Friday, June 11, 2004

I have bought a couple of books from Amazon. This will help in having a sound basis for another look at things.


I have read articles about 'mode 2 knowledge' and have an idea what it is about. The actual book seems to confim my impression so far but there is a lot of detail to consider. On the web there are several PDFs that seem consistent with the book and explain the ideas ok. A short one with relevance for management is at

Found through Google. This explains a view that most management studies aim at mode 1, although managers trying to learn something would benefit from mode 2.

I think my own project is definitely mode 2 so I am going to stop trying to write as if for mode 1. I think this explains some of the problems with critique etc. The article by Joan van Aken has not got a critique angle on practitioners or 'prescription', just an explanation of academic attitudes to 'Heathrow' types of book such as managers read. I can't help thinking though that Foucault and Habermas are definitely Mode 1 as they appear in the literature.

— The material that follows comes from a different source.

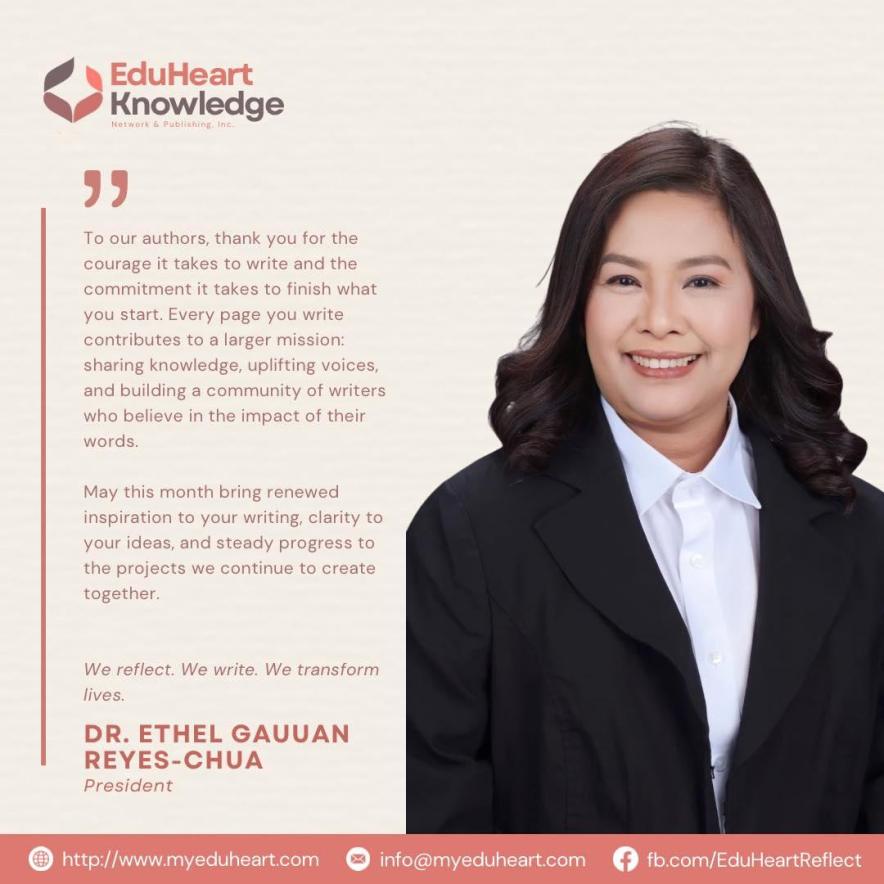 Sharing this month’s President’s Note from Dr. Ethel Gauan Reyes-Chua — a message of perseverance, purpose, and steady progress for our authors and partners.

The New Production of Knowledge Gibbons and others Sage 1994


A Manager's Guide to Leadership is the latest book from Mike Pedlar, John Burgoyne and Tom Boydell. I hope to understand why there is a new emphasis on Leadership. I am still stuck on organisations as such. Somehow the 'learning organisation' proved to be difficult so the Management Learning subject has moved on. My first impression is that this will be a useful book. It includes a Senge quote and the idea of a learning organisation is still included. There is even a positive presentation of the Excellence model and a mention for Dr Deming. Previously 'quality' ideas were seen as outmoded, particularly quality circles. The book is concentrating on personal development but there is an idea of organisation as well. The question of how people learn from quality systems is inside the scope.

McGraw Hill 2004

I don't think Deming is 'prescriptive', he seems less so the more I find out about what he said. Change cannot come from within the system. Well, what can that mean?